Pierre Laurent a même évoqué une « révolution sociale » au cours de la table ronde destinée à ouvrir un débat devant aboutir à l'élaboration d'un « programme partagé », nom que devrait prendre le
programme commun aux trois composantes du Front de gauche. Façon de mettre en évidence que ce Front n'a pas encore de programme, puisque sa gestation, fruit d'un débat citoyen, ne fait que
commencer.
Le même Pierre Laurent s'est empressé, le lendemain, dans le discours principal de cette fête, de préciser les limites qu'il fixait à sa radicalisation verbale.
Dénonçant à juste titre la guerre que mène le gouvernement, au nom du patronat, contre les classes populaires, il appelle à y répondre par « une guerre », une guerre « citoyenne... et pacifique
».
Faut-il comprendre que, face à l'offensive brutale et sans pitié contre le monde du travail, il faudrait rester calme, serein, dans le cadre d'une loi faite pour
les possédants, en acceptant le rythme des échéances électorales, en un mot attendre le verdict de 2012 ? On a tout lieu de le penser. C'est une autre façon de rejoindre Jean-Luc Mélenchon qui,
lui, parle de la « révolution dans les urnes », ce qui peut se traduire par la révolution « par les urnes ».
Certes les dirigeants du PCF parlent de renforcer et d'élargir la mobilisation en cours contre la réforme des retraites. Mais à mots couverts (pour l'instant) ils
inscrivent cette échéance dans la perspective de 2012.
C'est s'engager dans une impasse, et même pire, dans un piège. Pour le PCF d'abord, qui risque de s'autoliquider un peu plus encore, mettant son influence et son
poids militant au service des ambitions de Mélenchon, dont rien n'a montré, ni dans son passé ni dans ses positions actuelles, qu'il incarne les intérêts des classes populaires. Mais, bien plus
lourd de conséquences, cela risque de dévoyer la combativité du monde du travail vers la perspective d'un illusoire changement électoral.
Or, qu'un Strauss-Kahn ou une Martine Aubry remplace Sarkozy dans dix-huit mois, cela ne changera rien d'essentiel pour les classes populaires. Il n'est qu'à voir,
par exemple, les positions des dirigeants socialistes sur la réforme des retraites. Aucun d'entre eux ne s'engage à maintenir cette retraite à taux plein à 60 ans et, à plus forte raison, à
revenir sur les autres « réformes » des retraites, depuis celle de Balladur de 1993.

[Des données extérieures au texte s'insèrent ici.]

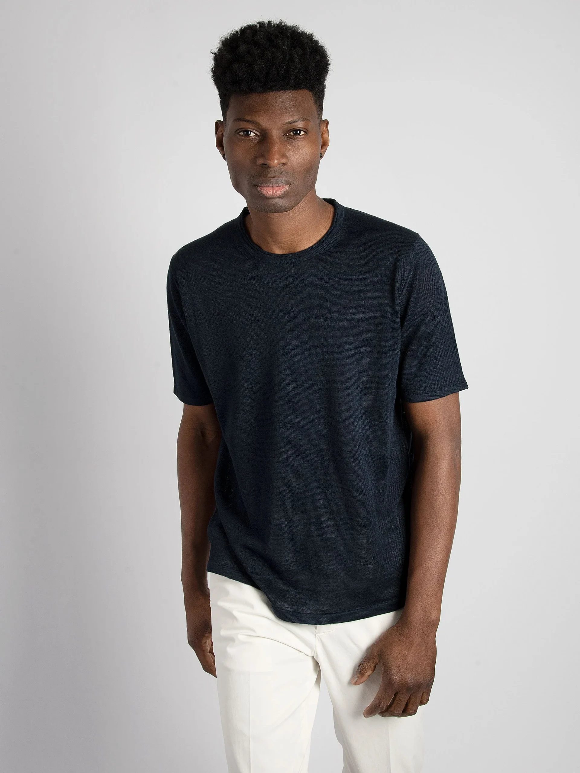 - Maglia girocollo in lino.

La perspective électorale choisie par la direction du PCF le conduit, dans un premier temps, à se mettre à la remorque de Mélenchon, ce qui le mettra ensuite
obligatoirement à la traîne du PS. Si c'est cela la « guerre pacifique » que préconise Pierre Laurent, elle est perdue d'avance pour les travailleurs.
Jean-Pierre VIAL
Note:
Belle analyse anti Mélenchoniste, mais il y a un bémol!
En quoi le PCF a-t-il besoin de Mélenchon pour le "forcer" à se mettre à la traîne du PS? Toutes les gesticulations "révolutionnaires" du PCF sont des "promesses qui n'engagent que ceux qui y croient", face à une nécessité absolue: sauver l'appareil et ses miliers de permanents qui s'opposent à toute rupture avec le PS, car c'est grâce à lui qu'ils échappent à Pôle Emploi. Voilà du concret!

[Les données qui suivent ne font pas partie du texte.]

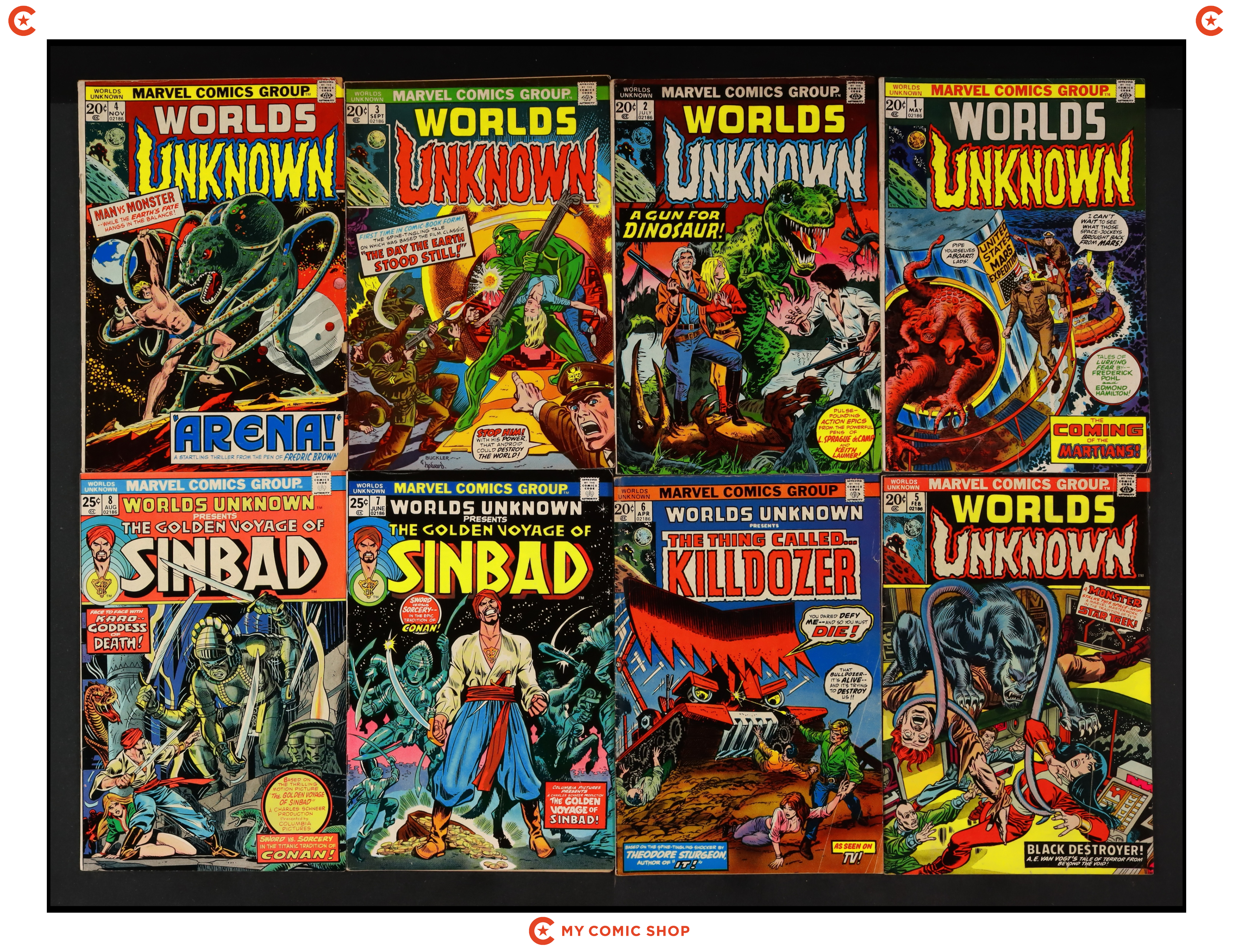 Issues 1-8 of Worlds Unknown (1973 Marvel). Most will grade in the GD/VG to VG/FN range, with 1 grading at FR.

Seule l'alliance avec le PS permet au PCF de continuer d'exister, d'avoir des élus (choisis par qui?) et de payer des permanents qui luttent pour ne pas retourner "à la production". Ce faisant, le PS détourne un partie des postes (élus, assos, mutuelles) sur lesquels lorgnent ses propres jeunes "loups" qui voient d'un mauvais oeil ces "largesses" à des "has been", "ringards".

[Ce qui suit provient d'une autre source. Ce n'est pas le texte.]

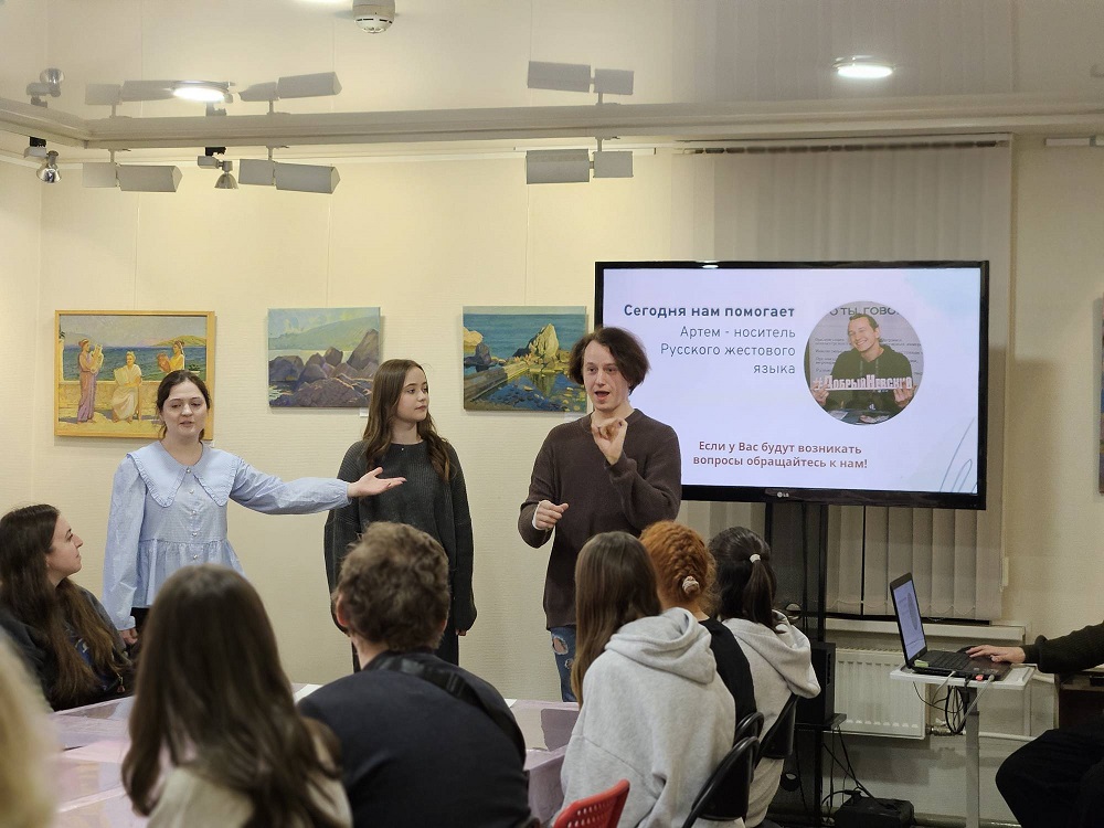 Организовали и провели мастер-класс студентки третьего курса филологического факультета РГПУ им. А.И. Герцена — София Петрова и Дарья Шабалина. Особенно благодарим волонтера-носителя русского жестового языка Артема Самсонова, который сделал мероприятие доступным для всех участников.

La seule question, dans toute la démarche est: jusqu'à quand le PS va-t-il accepter de continuer à frustrer des gens qui militent parfois depuis 20 ans au PS pour la récompense d'une place de notable et qui voient ces places "détournées" au profit de vieux "staliniens" qui ne se feraient pas élire en leur nom propre.